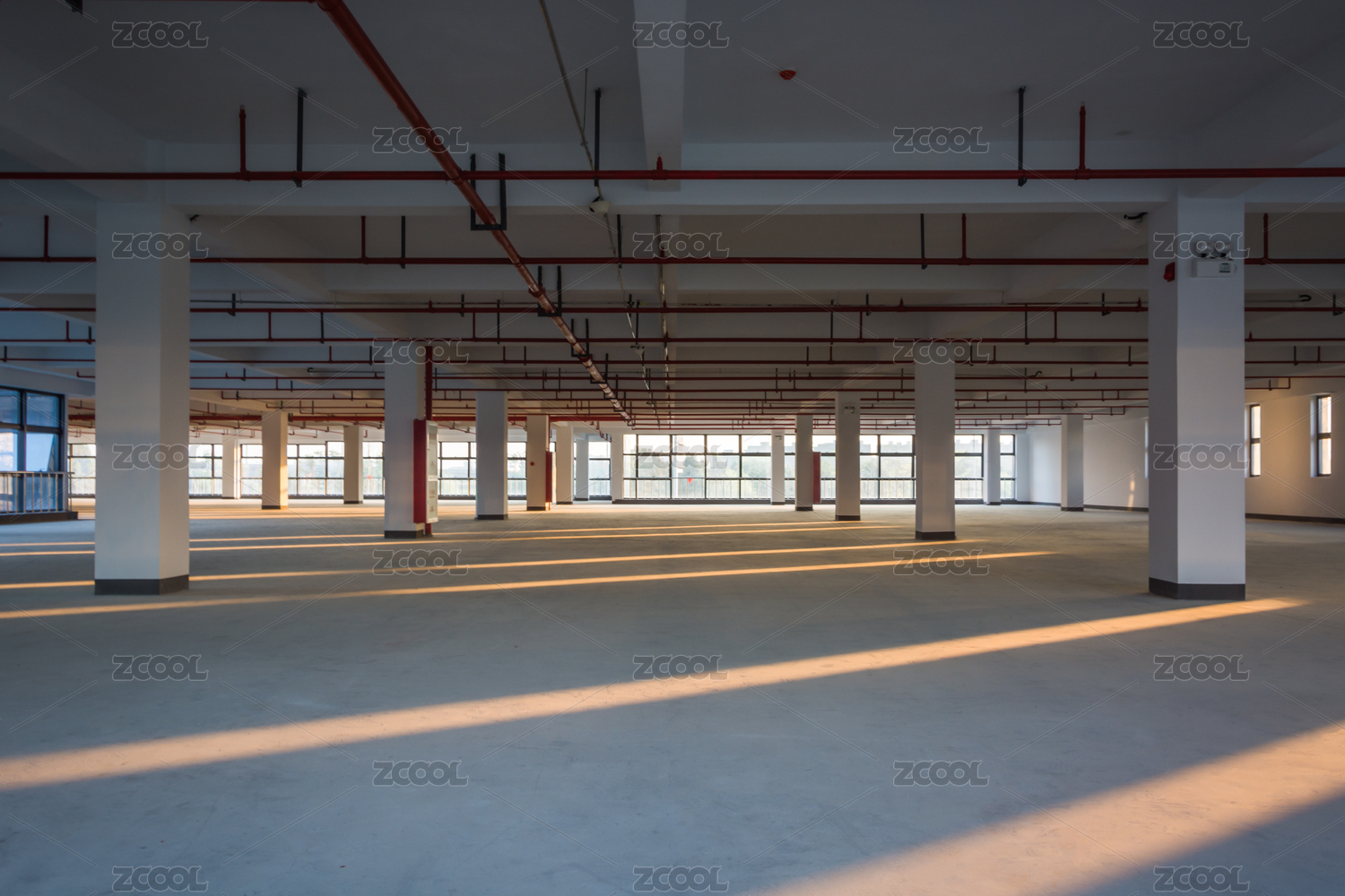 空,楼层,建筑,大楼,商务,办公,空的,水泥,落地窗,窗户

---

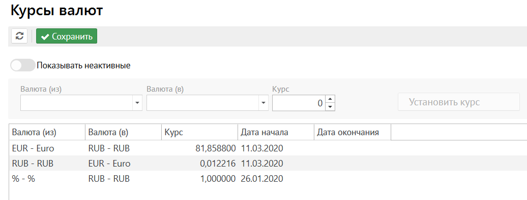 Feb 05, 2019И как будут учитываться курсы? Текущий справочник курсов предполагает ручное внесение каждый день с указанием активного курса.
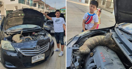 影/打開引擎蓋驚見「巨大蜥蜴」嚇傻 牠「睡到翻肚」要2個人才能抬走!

INSTRUCTIONS TO FOLLOW ->
Look above for the line with "Feb 05, 2019И" and copy exactly from it through the line with "影/打開引擎蓋驚見「巨大蜥蜴」嚇傻 牠「睡到翻肚」要2個人才能抬走!", both included. Omit the pictures.

REPLY ->
 Feb 05, 2019И как будут учитываться курсы? Текущий справочник курсов предполагает ручное внесение каждый день с указанием активного курса.
 影/打開引擎蓋驚見「巨大蜥蜴」嚇傻 牠「睡到翻肚」要2個人才能抬走!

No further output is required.